Determinations of single-nephron filtration rate (SNGFR) in the same tubules of the four experimental strains are shown in Fig. 3A. Mean SNGFR of WT mice was 16.2 ± 0.64 nl/min, and this was significantly higher (P < 0.001 by ANOVA) than the mean SNGFRs of 10.6 ± 0.52 nl/min in Cldn2^−/−, 9.8 ± 0.49 nl/min in AQP1^−/−, and 10.1 ± 0.4 nl/min in DKO animals. When expressed as animal means rather than tubule means, values were 15.7 ± 0.6 nl/min, 10.5 ± 0.87 nl/min, 9.2 ± 1.1 nl/min, and 10 ± 0.66 nl/min in WT, Cldn2^−/−, AQP1^−/−, and DKO, respectively. Mean SNGFR of the comprehensive WT cohort was 14.0 ± 0.37 nl/min, significantly higher than all three groups of mutant mice (P < 0.001 by ANOVA). The decrease of SNGFR compared with wild type by 33.1%, 41.7%, and 36.6% in Cldn2^−/−, AQP1^−/−, and DKO was similar to the decrease of kidney GFR by 31.8%, 38.7%, and 37.8% in the three strains of mice, indicating that there is a direct relationship between mean SNGFR per animal and kidney GFR (Fig. 4). The reduction in both SNGFR and fractional fluid reabsorption caused an amplification in the fall of absolute rates of fluid reabsorption along the proximal convolution by ∼50% in all groups of mutant mice (Fig. 3B). The conclusion that SNGFR is a major determinant of fluid reabsorption in all strains studied is supported by the consistent correlation between SNGFR and net fluid flux as shown in Fig. 5. In WT mice, absorption increased with increasing SNGFR with a slope of 0.5 ± 0.04 (r² = 0.77). Importantly, glomerulotubular balance (GTB) was well maintained in the absence of AQP1 and/or claudin-2. Slopes of the linear regression lines were very similar in the three groups of mutant mice (AQP1^−/−: slope 0.41 ± 0.034, r² = 0.7; Cldn2^−/−: slope 0.44 ± 0.028, r² = 0.82; DKO: slope 0.44 ± 0.039, r² = 0.66), and about 10–15% lower than in WT animals. Thus, the change of fluid reabsorption for a 10 nl/min change of SNGFR is calculated to be 5.0 nl/min for WT and about 4.4 nl/min for the mutant mice (Fig. 5F).

Fig. 3.

Glomerular filtration rate (GFR) in single nephrons (SNGFR) and fluid reabsorption rate in WT mice and in Cldn2^−/−, AQP1^−/−, and DKO mice. All WT refers to all measurements in wild-type mice from different experimental groups performed over the past 4 years in this laboratory. A: SNGFR using flow rates at the end of the proximal convoluted tubules; symbols represent individual tubules.
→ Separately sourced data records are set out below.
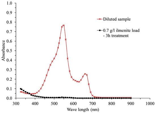 Finally, diluted wastewater treated with an ilmenite loading of 0.7 g/L was spectrally scanned from 325 to 900 nm to compare it with the initial wastewater solution. Figure 10 represents the spectral sweep of initial wastewater solution compared with the final treated solution, clearly showing a complete elimination of the absorbance of the solution in the entire visible spectrum. However, as it approaches the ultraviolet spectrum, the solution begins to show an increase in its absorbance values, which indicates the presence of species resulting from the degradation of the dyes and agrees with the 50% COD degradation value obtained.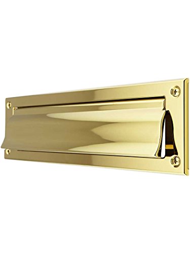 Solid Brass Magazine Size Mail Slot Front for Exterior Mounting in Polished Brass.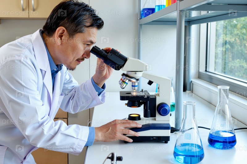 Мужчина среднего возраста из Азии изучает образец с помощью микроскопа в лабораторной обстановке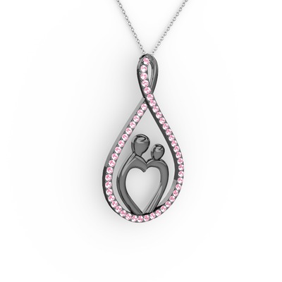 Pembe kuvars 925 ayar siyah rodyum kaplama gümüş kolye (40 cm beyaz altın rolo zincir)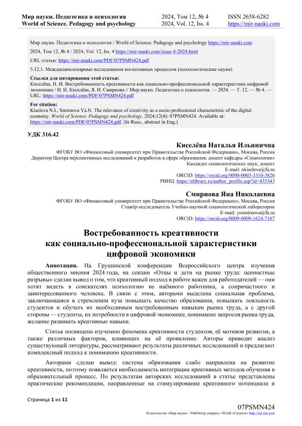 Киселева, Н.И. Востребованность креативности как социально-профессиональной характеристики цифровой экономики / Н.И. Киселева, Я.Н. Смирнова. — Текст: электронный // Мир науки. Педагогика и психология. – 2024. – № 4. — URL: https://mir-nauki.com/PDF/07PSMN424.pdf (дата обращения: 28.08.2025) — <URL:http://elib.fa.ru/art2024/bv3707.pdf>.
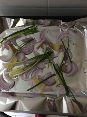 烤箱预热,烤盘上这样铺好,前面不是留着的姜葱么,这时盘子放一半,最后的一点葱姜要炒配菜用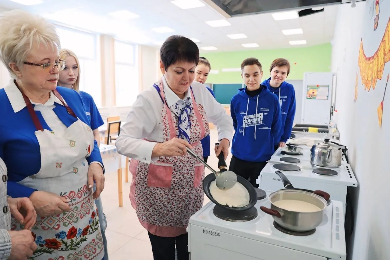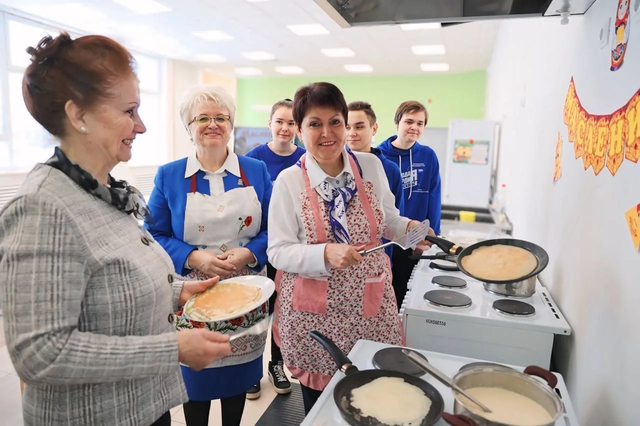 На базе школы № 3 вместе с депутатами фракции Татьяной Шаргаевой, Верой Бабушкиной и волонтёрами «Молодой Гвардии Единой России» провели мастер-класс по выпечке блинов в рамках инициативы «ПолитКухня». Готовили вместе, делились рецептами и просто общались в дружеской атмосфере.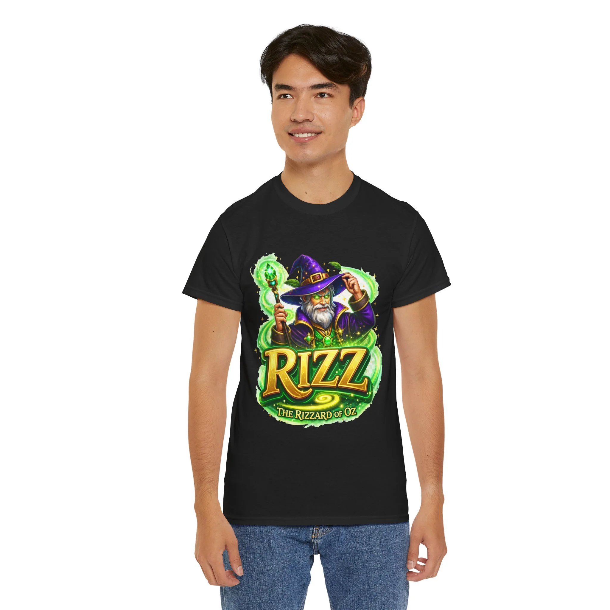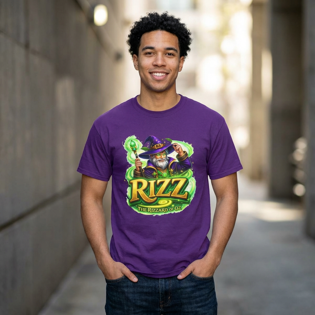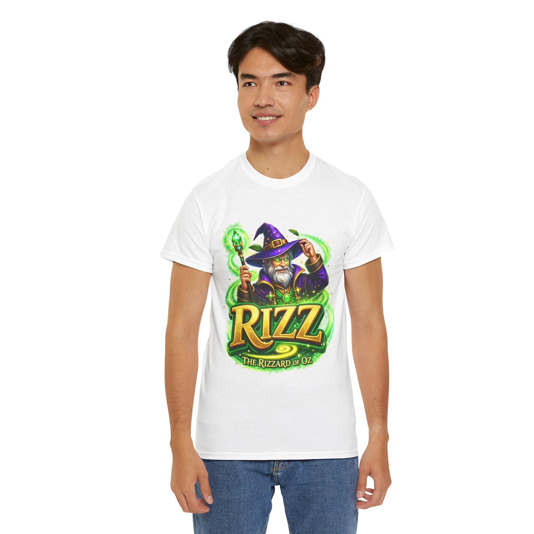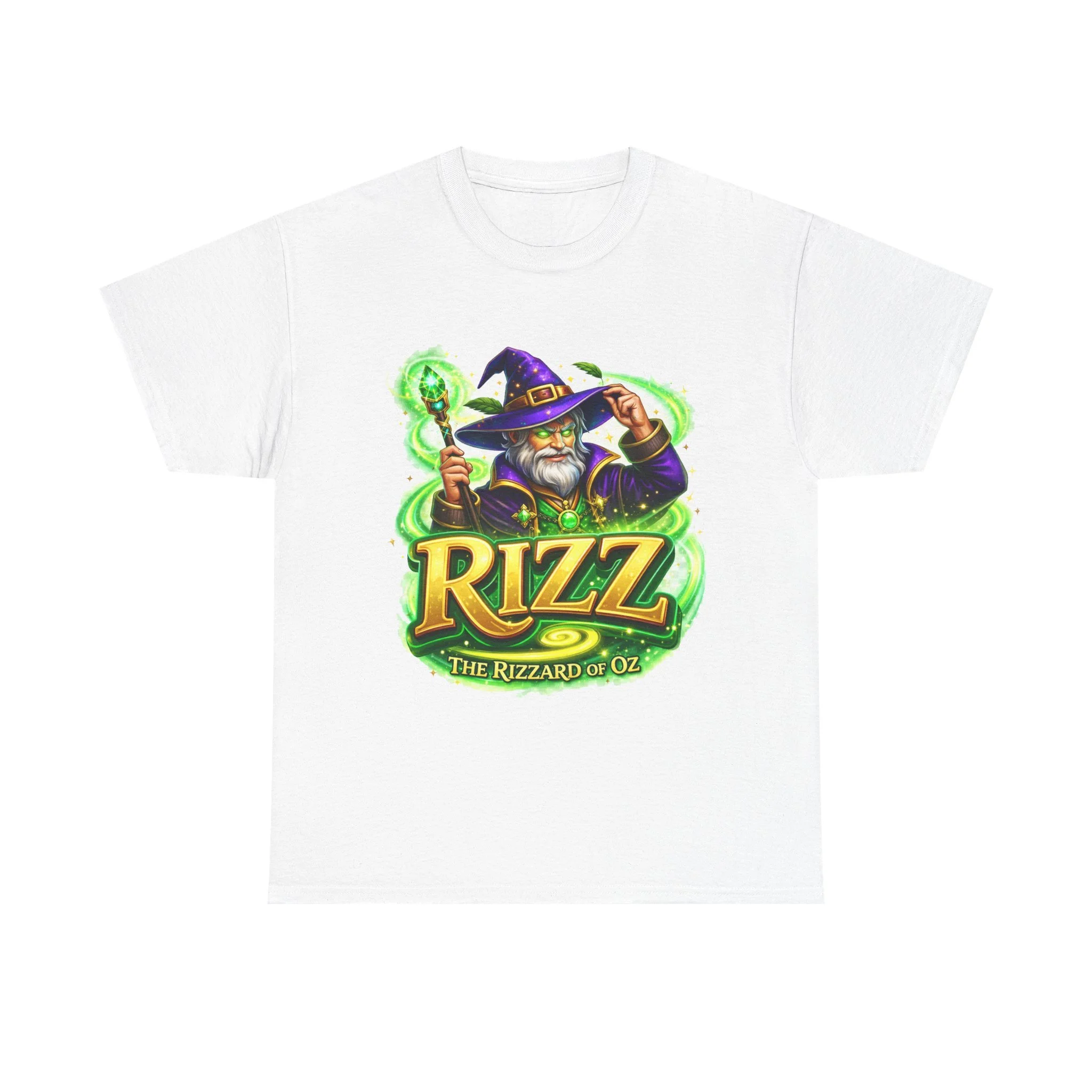 A soft, classic cotton tee printed with a bold, playful wizard illustration and bright, arcade-style lettering. The image centers on a robed wizard casting neon-green magic above the name “RIZZ,” surrounded by energetic swirls and a rich color palette that pops on the clean white fabric. Wearers will feel whimsical and nostalgic—this shirt reads like a badge for folks who love game-inspired art and tongue-in-cheek fantasy. The relaxed crew-neck cut and tear-away label keep it comfortable for long wear, while dual printing methods preserve crisp detail through washes. It’s a casual layer that brings personality to game nights, conventions, or everyday streetwear for fans of retro-fantasy visuals.

Solid lines are mean values, and dotted lines indicate 95% confidence intervals. B: rate of fluid reabsorption in the four experimental groups and in the wild-type control group (All WT). Values are expressed as means ± SD. Significances are indicated for comparisons with WT (ANOVA with Bonferroni post hoc test at P < 0.05 significance level).

Fig. 4.

Relationship between kidney GFR (μl/min) and mean SNGFR for the 48 mice used in this study. Each symbol represents one animal without consideration of genotype. The line shows the linear regression function.

Fig. 5.

Relationship between rates of proximal fluid reabsorption and glomerular filtration rate (SNGFR) in WT mice (A), and in Cldn2^−/− (B), AQP1^−/− (C), and DKO mice (D), as well as for the overall wild-type group (E). F: direct comparison of the linear regression lines is shown: regression lines for the wild-type cohorts and for the three mutant strains fall on top of each other; the ovals indicate normal operating ranges for WT and mutant mice. Solid lines are linear regressions and dotted lines are 95% confidence intervals.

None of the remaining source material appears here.